The remarkable feature of the invasion was that not a single person was bitten by the repulsive creatures; and for several evenings the killing continued before the alarm subsided. It may not be generally known, but this species of reptile do most of their traveling in the early evening, and are most alert and dangerous when recovering from the comatose state induced by the intense cold of winter.

About the first of July, Walker, (pronounced by the Sanpitch, Yawkerraw) the head war chief of all the Utes and Sanpitches, came to the valley with his entire tribe. The braves had just returned from a successful raid against the Shoshones, and were laden with plunder, prisoners, and scalps. Walker himself was a tall fine looking man and one of seven brothers, all, with one exception, remarkable for athletic proportions, and all influential men in the tribe. Arrapeen, Groceepeen, Saampitch, Ammon, Tabbinaw, Yankawalkits and Walker.
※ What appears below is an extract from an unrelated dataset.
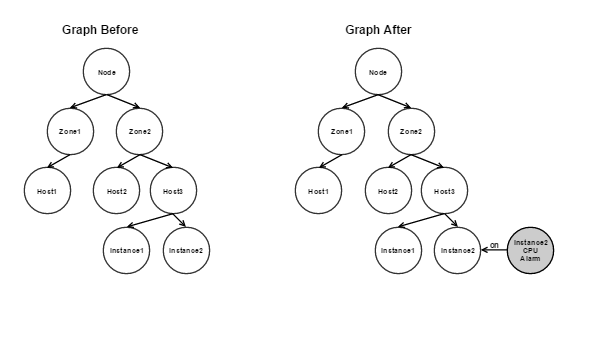 - The Entity Processor passes the event to the Aodh Alarm Transformer, which returns a Vertex with the alarm data, with an edge to the instance Vertex
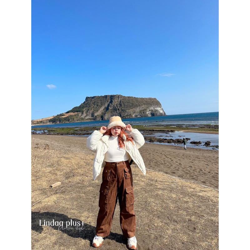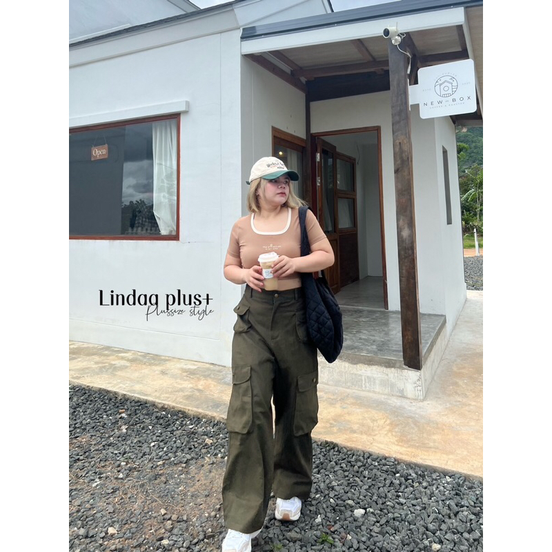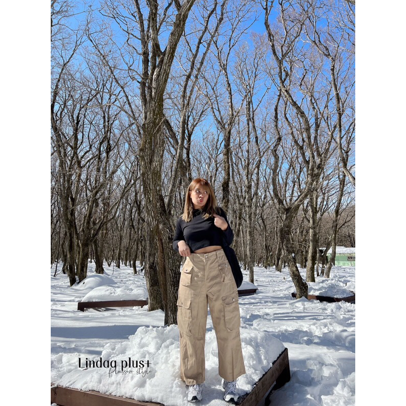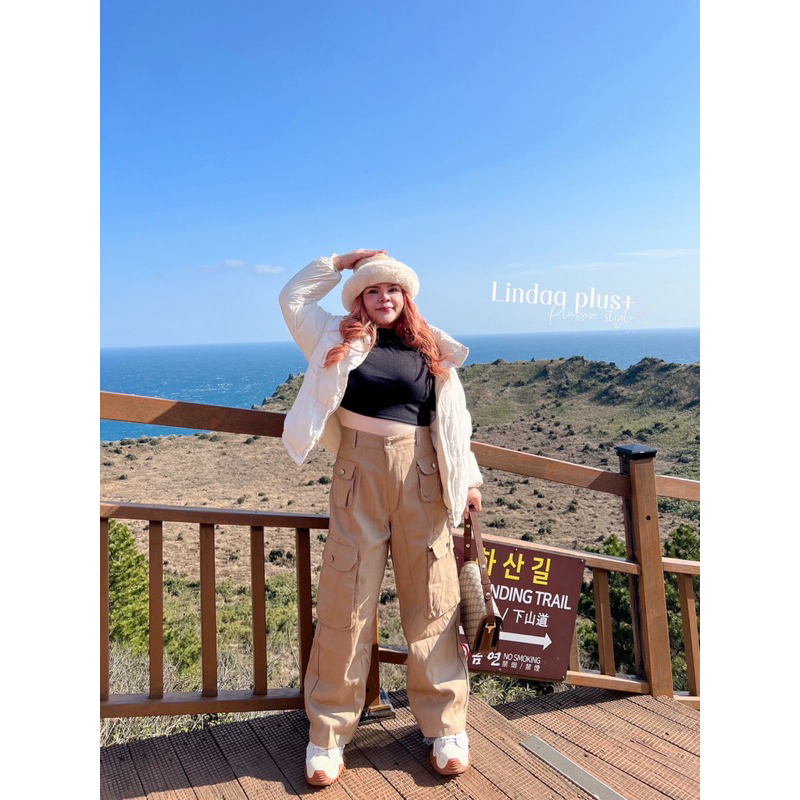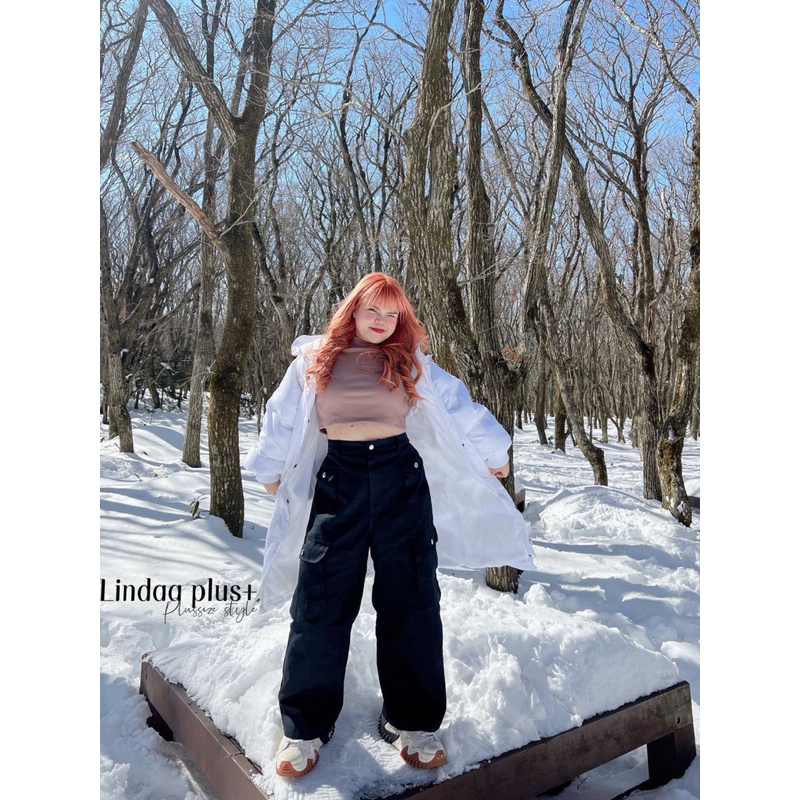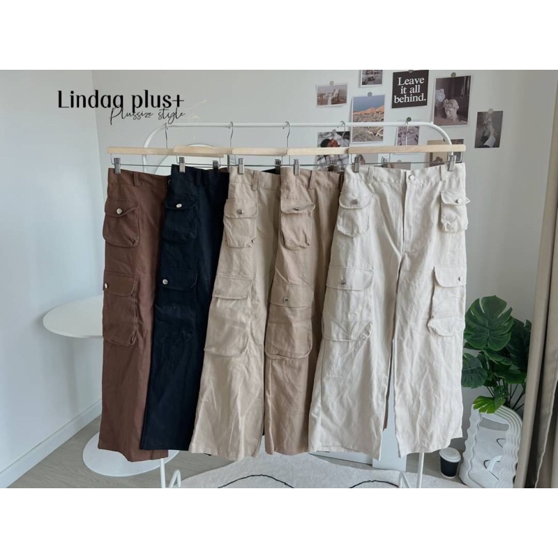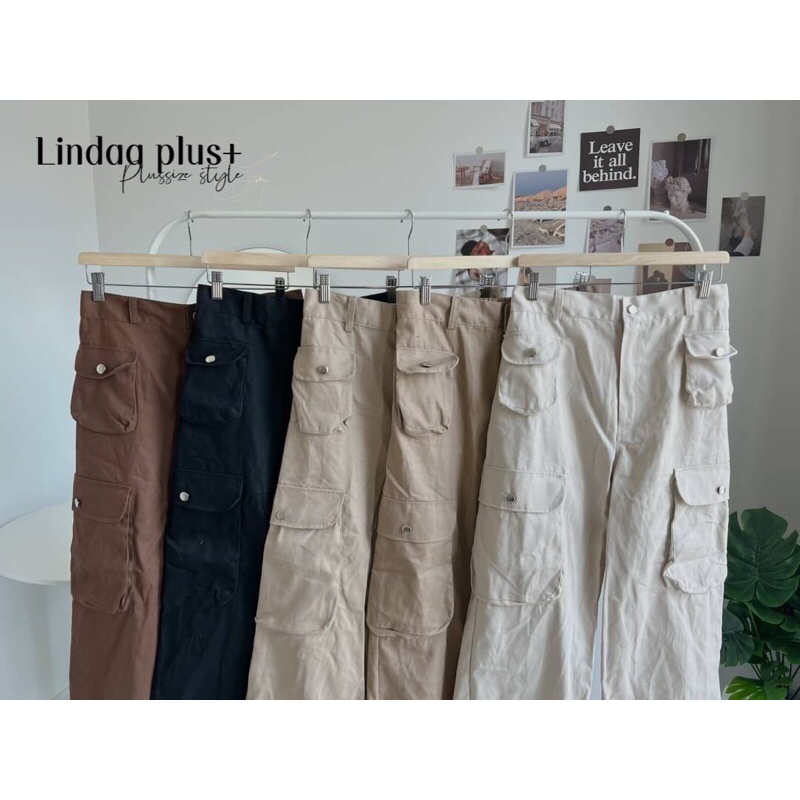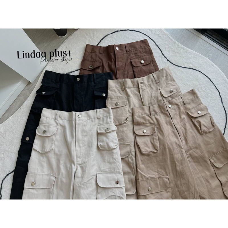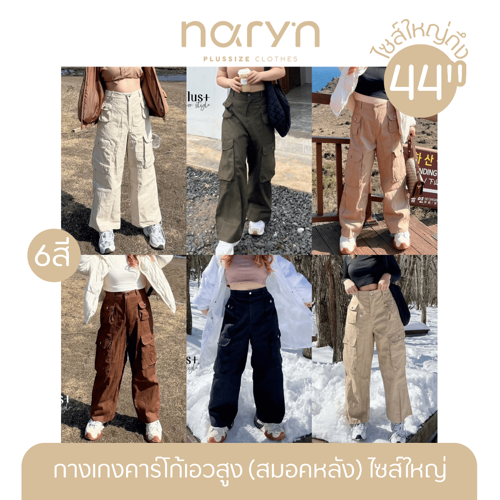 [LIVEมีโค้ดลด50% รุ่นขายดี!] กางเกงคาร์โก้เอวสูง รุ่นกระเป๋าโค้งปั๊มกระดุม สาวอวบไซส์ใหญ่ (มีไซส์เอว30-44)

Undoubtedly, it was owing to the influence of Ammon and Tabbinaw that the party who wintered in the canyon escaped the vengeance of Big Elks exasperated warriors. )

The Indian encampment covered that portion of the present site of Manti from Temple hill on the north to the hills on the east and to City creek south and west, this vast area being thickly dotted with "wickiups," (Indian tents) thus forming a huge semicircle around the whites.

For two weeks they held their feasts and war-dances in honor of their victory; the prisoners all having their heads closely shaven were easily designated by the settlers, who frequently went out to observe and admire the savage pageantry, which was exhibited by a barbarous refinement of cruelty-only equaled in the nineteenth century by the federal judges of Utah who compel little children to give evidence that would make them orphans in very deed, placing their fathers behind prison bars and making their mothers dishonored widows-these savages compelled the poor captive squaws to sing, dance and bear aloft a pole from which depended the painted scalps of perhaps their nearest male relative; and oft times in excess of grief, the monotony of their song and dance was broken with tears and sobs as they bent beneath their ghastly burden; shouts of derision and mirth met these human weaknesses, differently expressed, but emanating from the same fiendish impulse as meets the tears of helpless women and children when their defender and protector is dragged from their embrace to answer to a sentence obtained under an ex-post-facto law.

The human tendencies are the same today as when the Lord deemed it necessary to command "Thou shalt not seethe the kid in its mother's milk."

The number of these warriors has been variously estimated at from five to seven hundred; and the little settlement of whites beside this vast encampment reminded one vividly of a mouse in a lion's paw. Walker, in his moody moments, was in the habit of reminding the settlers in forcible language of what he was capable of doing; and judging from subsequent events, the temptation was doubtless frequently very strong upon him to make a "breakfast spell" of the white population.